## INSTRUCTIONS TO FOLLOW
Type the data below again exactly. Omit all pictures.

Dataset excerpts
----------

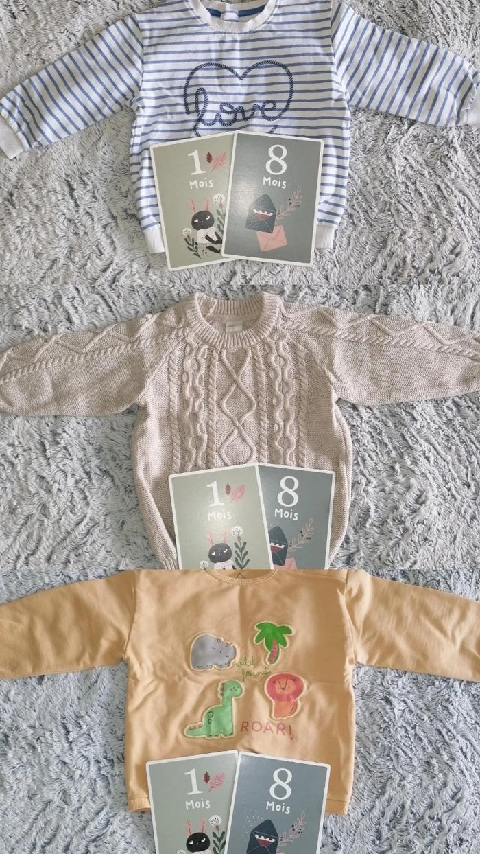 Je vends ce lot de 3 pulls Tex et H&M Taille 18 mois En très bon état, juste le pull jaune a 2 petites tâches
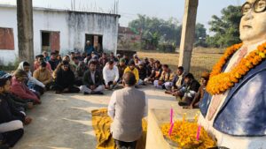 मेराल । सामाजिक परिवर्तन केंद्र के तत्वावधान में संविधान निर्माता बोधिसत्व बाबासाहेब डॉक्टर भीमराव अंबेडकर का 69 वां महापरिनिर्वान दिवस गुरु रविदास आश्रम संगबरिया मेराल में मनाया गया। इस अवसर पर बामसेफ के स्टेट कोऑर्डिनेटर सह एससी एसटी कर्मचारी संघ गढ़वा के अध्यक्ष रघुराई राम ने बाबासाहेब डॉक्टर भीमराव अंबेडकर के प्रतिमा पर पुष्प अर्पित कर श्रद्धांजलि दी गई। साथ ही उपस्थित लोगों ने भी बाबा साहेब डॉक्टर भीमराव अंबेडकर के प्रतिमा पर पुष्प अर्पित किया।
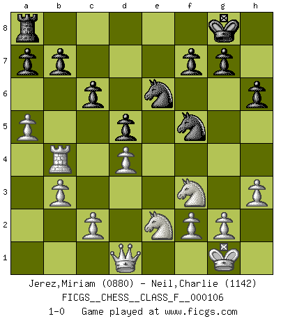Last move : 1-0 2012 April 3 18:35:48 [Event "FICGS__CHESS__CLASS_F__000106"] [Site "FICGS"] [Date "2012.02.14"] [Round "1"] [White "Jerez,Miriam"] [Black "Neil,Charlie"] [Result "1-0"] [WhiteElo "0880"] [BlackElo "1142"] 1.e4 e6 2.Nf3 d5 3.exd5 exd5 4.b3 Bd6 5.Nc3 c6 6.d4 Ne7 7.Bd3 O-O 8.O-O Nd7 9.Re1 Re8 10.h3 Nf8 11.a4 Bb4 12.Bd2 Bf5 13.Bxf5 Nxf5 14.Rxe8 Qxe8 15.a5 Ne6 16.Ne2 Qe7 17.Bxb4 Qxb4 18.Ra4 h6 19.Rxb4 1-0 French defense Kingside Castling by player Black (move 7) Kingside Castling by player White (move 8) Player White won this chess game. Follow this game move after move (download)You know, comrade Pachman, I don't enjoy being a Minister, I would rather play Chess like you. (Che Guevara) Schach ist ein Teil der Kultur, und wenn es mit der Kultur abwärts geht, geht es auch mit dem Schach abwärts. (Mikhail Moiseyevich Botvinik) El Ajedrez moderno está demasiado preocupado con cosas como la estructura de Peones. Olvidenlo, el Jaque Mate termina la partida. (Nigel Short) Que feriez-vous si vous étiez en train de jouer aux échecs et que la fin du monde arrive ? Je continuerais à jouer. (Saint Borromée) Do not put your faith in what statistics say until you have carefully considered what they do not say. (William W. Watt)
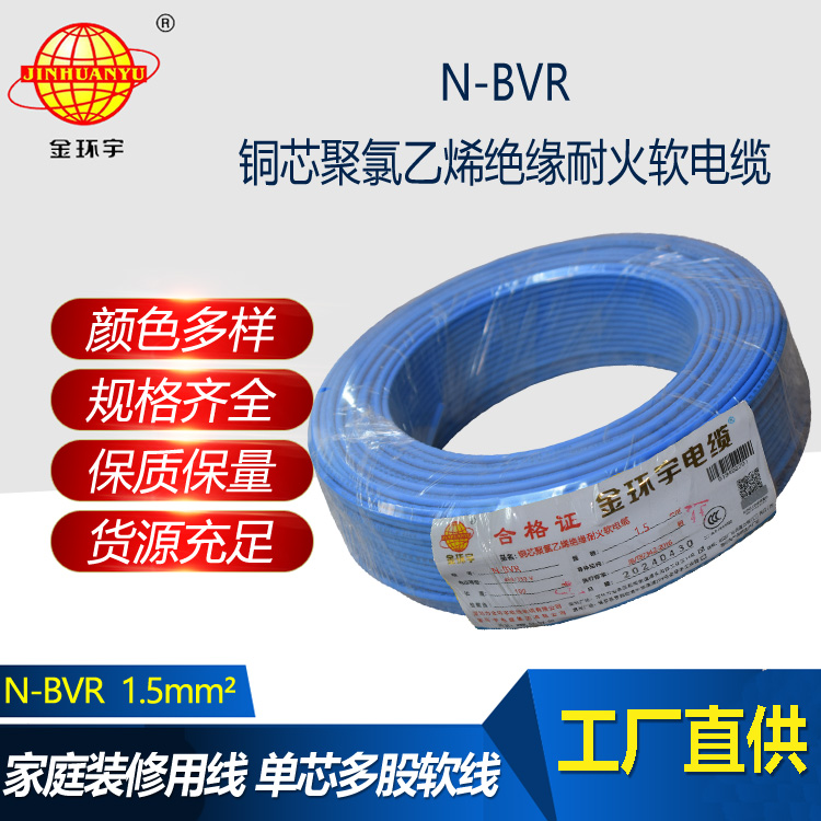 【產品描述】:N-BVR是銅芯聚氯乙烯絕緣耐火軟電線,專為固定布線時要求柔軟的場合而設計。適用于交流額定電壓450/750V及以下的動力裝置的固定敷...
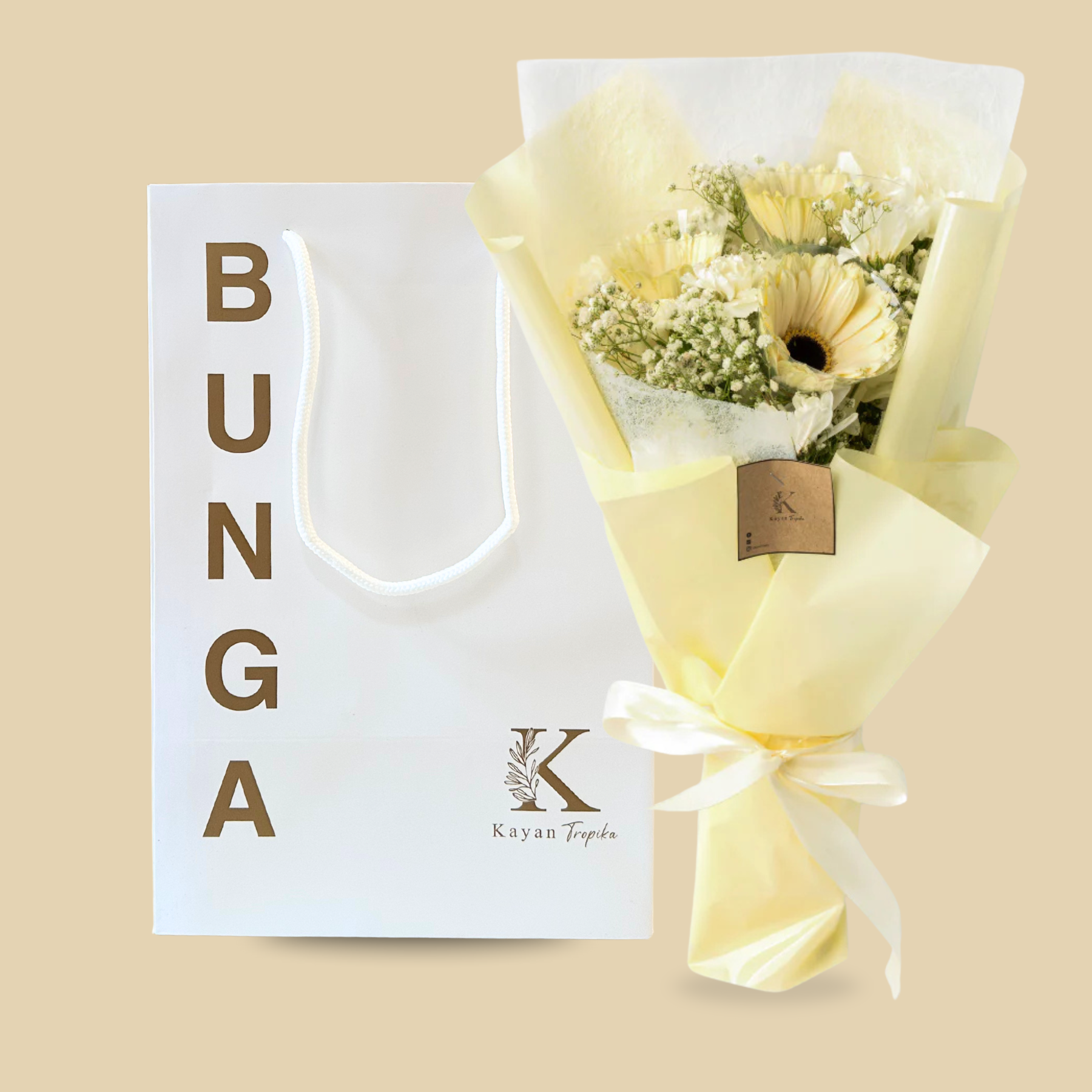 Helen Bouquet radiates purity and warmth with a delightful mix of White Pom Pom and Light Yellow Gerbera, accented by delicate White Baby's Breath. Wrapped in soft light yellow paper, this bouquet exudes a gentle charm, perfect for brightening someone's day with its sunny hues.
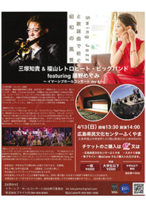 三塚知貴&福山レトロビート・ビッグバンド featuring藤野めぐみ~イマーシブホールコンサートday4~─が、4月13日〔日〕午後2時から、広島県民文化センターふくやま(福山市東桜町)で開催される。
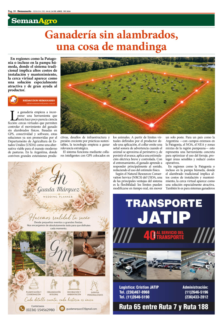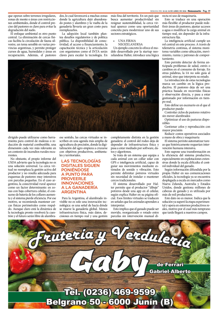SECCIÓN SEMANAGRO PUBLICADA EN LA EDICIÓN IMPRESA Y EDICIÓN DIGITAL Nº 510 DE SEMANARIO DE JUNÍN. SEMANA DEL 18 AL 24 DE ABRIL DE 2026
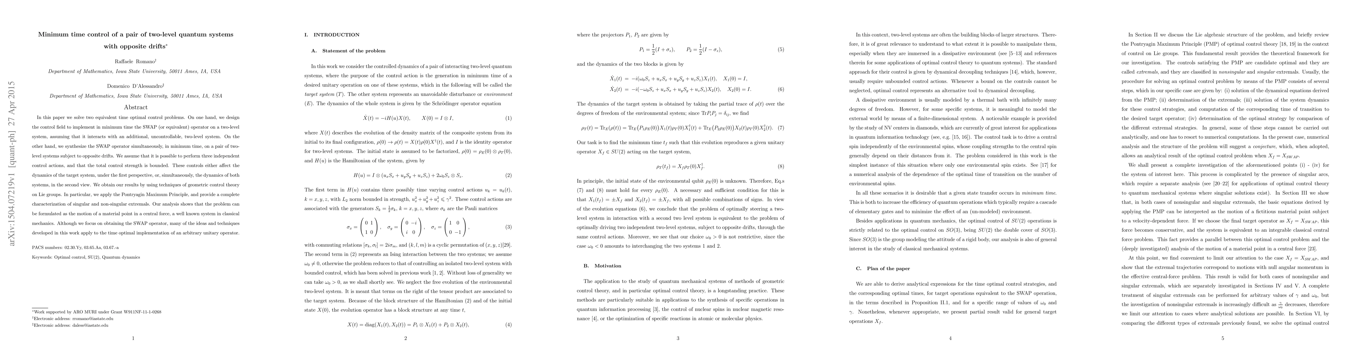 This paper addresses two time optimal control problems for two-level quantum systems, utilizing geometric control theory to design control fields that implement the SWAP operator in minimum time, either on a single system or on a pair with opposite drifts, and applies these techniques to arbitrary unitary operators.
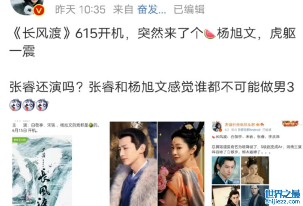 近日,有多位大V报道杨旭文即将进组拍摄新剧《长风渡》,该剧开机时间定在6月15日,杨旭文被曝将出演男二号,目前网友针对此事议论纷纷。
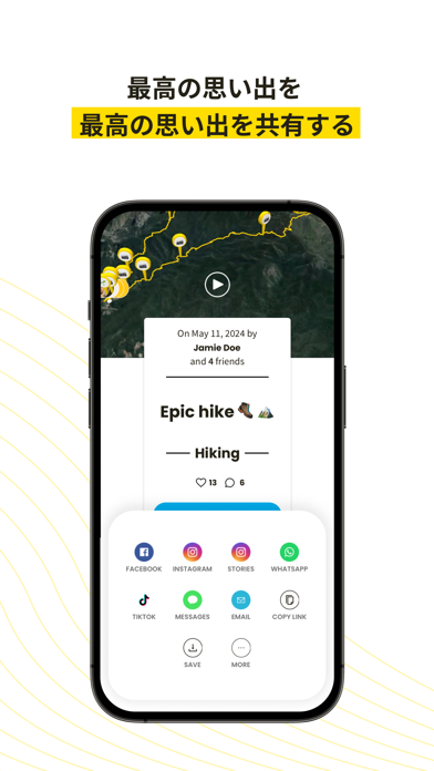 アウトドア活動をより楽しくするためのアプリです。3Dでビジュアル化した自分のルートをビデオで保存し、友人と共有できます。
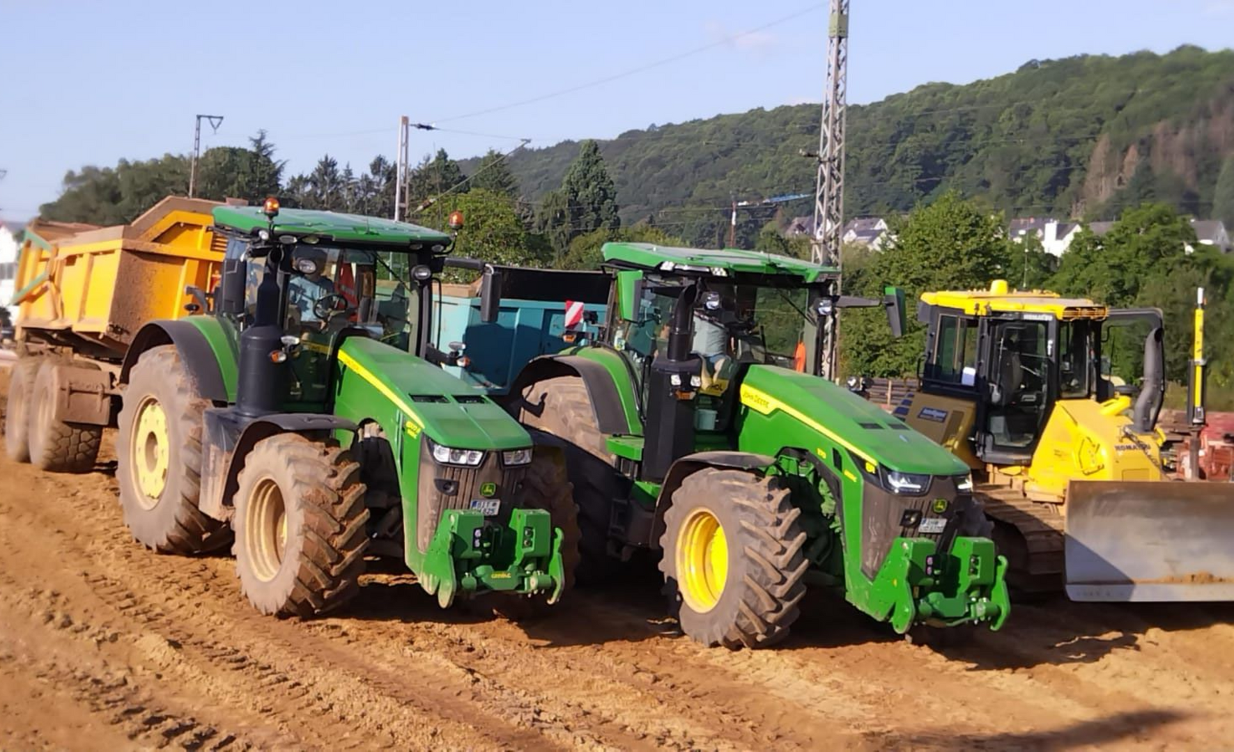 Zuverlässige Transporte von Erdmaterial, Abraum und Schotter erfolgen mit unseren drei leistungsstarken John Deere 8 R Traktoren sowie zwei 2-Achskippmulden und einer Tridem-Kippmulde.
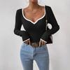 Suéter de cuello en V de alta calidad ajustado de manga larga para mujer, diseño de otoño, nicho, color sólido, corte ajustado, top camisa básica
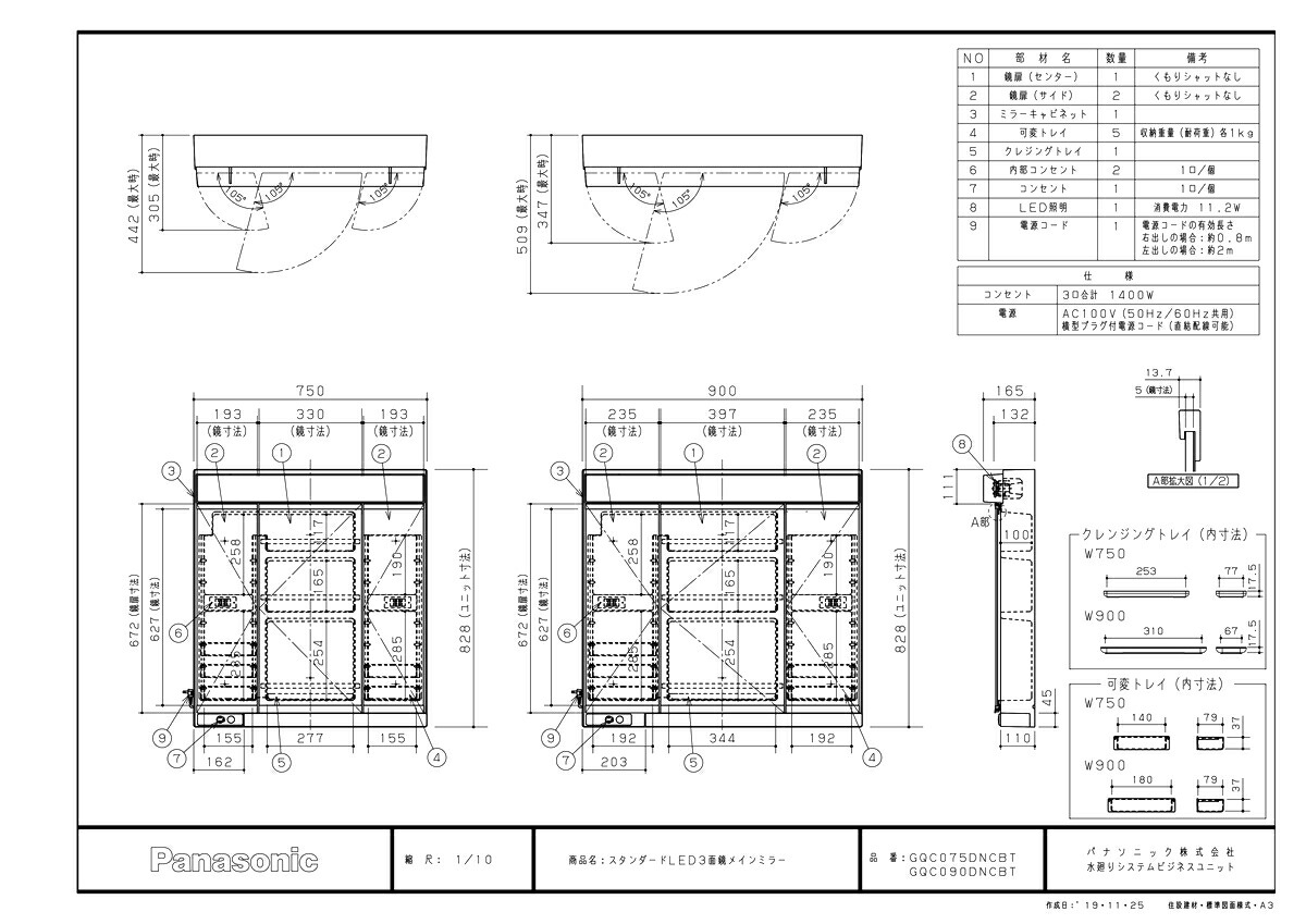 ミラーキャビネット 900mm スタンダードLED3面鏡 ミドルミラー

----------

## OUTPUT FOR THIS EXERCISE
 Je vends ce lot de 3 pulls Tex et H&M Taille 18 mois En très bon état, juste le pull jaune a 2 petites tâches
 मेराल । सामाजिक परिवर्तन केंद्र के तत्वावधान में संविधान निर्माता बोधिसत्व बाबासाहेब डॉक्टर भीमराव अंबेडकर का 69 वां महापरिनिर्वान दिवस गुरु रविदास आश्रम संगबरिया मेराल में मनाया गया। इस अवसर पर बामसेफ के स्टेट कोऑर्डिनेटर सह एससी एसटी कर्मचारी संघ गढ़वा के अध्यक्ष रघुराई राम ने बाबासाहेब डॉक्टर भीमराव अंबेडकर के प्रतिमा पर पुष्प अर्पित कर श्रद्धांजलि दी गई। साथ ही उपस्थित लोगों ने भी बाबा साहेब डॉक्टर भीमराव अंबेडकर के प्रतिमा पर पुष्प अर्पित किया।
Last move : 1-0 2012 April 3 18:35:48 [Event "FICGS__CHESS__CLASS_F__000106"] [Site "FICGS"] [Date "2012.02.14"] [Round "1"] [White "Jerez,Miriam"] [Black "Neil,Charlie"] [Result "1-0"] [WhiteElo "0880"] [BlackElo "1142"] 1.e4 e6 2.Nf3 d5 3.exd5 exd5 4.b3 Bd6 5.Nc3 c6 6.d4 Ne7 7.Bd3 O-O 8.O-O Nd7 9.Re1 Re8 10.h3 Nf8 11.a4 Bb4 12.Bd2 Bf5 13.Bxf5 Nxf5 14.Rxe8 Qxe8 15.a5 Ne6 16.Ne2 Qe7 17.Bxb4 Qxb4 18.Ra4 h6 19.Rxb4 1-0 French defense Kingside Castling by player Black (move 7) Kingside Castling by player White (move 8) Player White won this chess game. Follow this game move after move (download)You know, comrade Pachman, I don't enjoy being a Minister, I would rather play Chess like you. (Che Guevara) Schach ist ein Teil der Kultur, und wenn es mit der Kultur abwärts geht, geht es auch mit dem Schach abwärts. (Mikhail Moiseyevich Botvinik) El Ajedrez moderno está demasiado preocupado con cosas como la estructura de Peones. Olvidenlo, el Jaque Mate termina la partida. (Nigel Short) Que feriez-vous si vous étiez en train de jouer aux échecs et que la fin du monde arrive ? Je continuerais à jouer. (Saint Borromée) Do not put your faith in what statistics say until you have carefully considered what they do not say. (William W. Watt)
 【產品描述】:N-BVR是銅芯聚氯乙烯絕緣耐火軟電線,專為固定布線時要求柔軟的場合而設計。適用于交流額定電壓450/750V及以下的動力裝置的固定敷...
 Helen Bouquet radiates purity and warmth with a delightful mix of White Pom Pom and Light Yellow Gerbera, accented by delicate White Baby's Breath. Wrapped in soft light yellow paper, this bouquet exudes a gentle charm, perfect for brightening someone's day with its sunny hues.
 三塚知貴&福山レトロビート・ビッグバンド featuring藤野めぐみ~イマーシブホールコンサートday4~─が、4月13日〔日〕午後2時から、広島県民文化センターふくやま(福山市東桜町)で開催される。
SECCIÓN SEMANAGRO PUBLICADA EN LA EDICIÓN IMPRESA Y EDICIÓN DIGITAL Nº 510 DE SEMANARIO DE JUNÍN. SEMANA DEL 18 AL 24 DE ABRIL DE 2026
 This paper addresses two time optimal control problems for two-level quantum systems, utilizing geometric control theory to design control fields that implement the SWAP operator in minimum time, either on a single system or on a pair with opposite drifts, and applies these techniques to arbitrary unitary operators.
 近日,有多位大V报道杨旭文即将进组拍摄新剧《长风渡》,该剧开机时间定在6月15日,杨旭文被曝将出演男二号,目前网友针对此事议论纷纷。
 アウトドア活動をより楽しくするためのアプリです。3Dでビジュアル化した自分のルートをビデオで保存し、友人と共有できます。
 Zuverlässige Transporte von Erdmaterial, Abraum und Schotter erfolgen mit unseren drei leistungsstarken John Deere 8 R Traktoren sowie zwei 2-Achskippmulden und einer Tridem-Kippmulde.
 Suéter de cuello en V de alta calidad ajustado de manga larga para mujer, diseño de otoño, nicho, color sólido, corte ajustado, top camisa básica
 ミラーキャビネット 900mm スタンダードLED3面鏡 ミドルミラー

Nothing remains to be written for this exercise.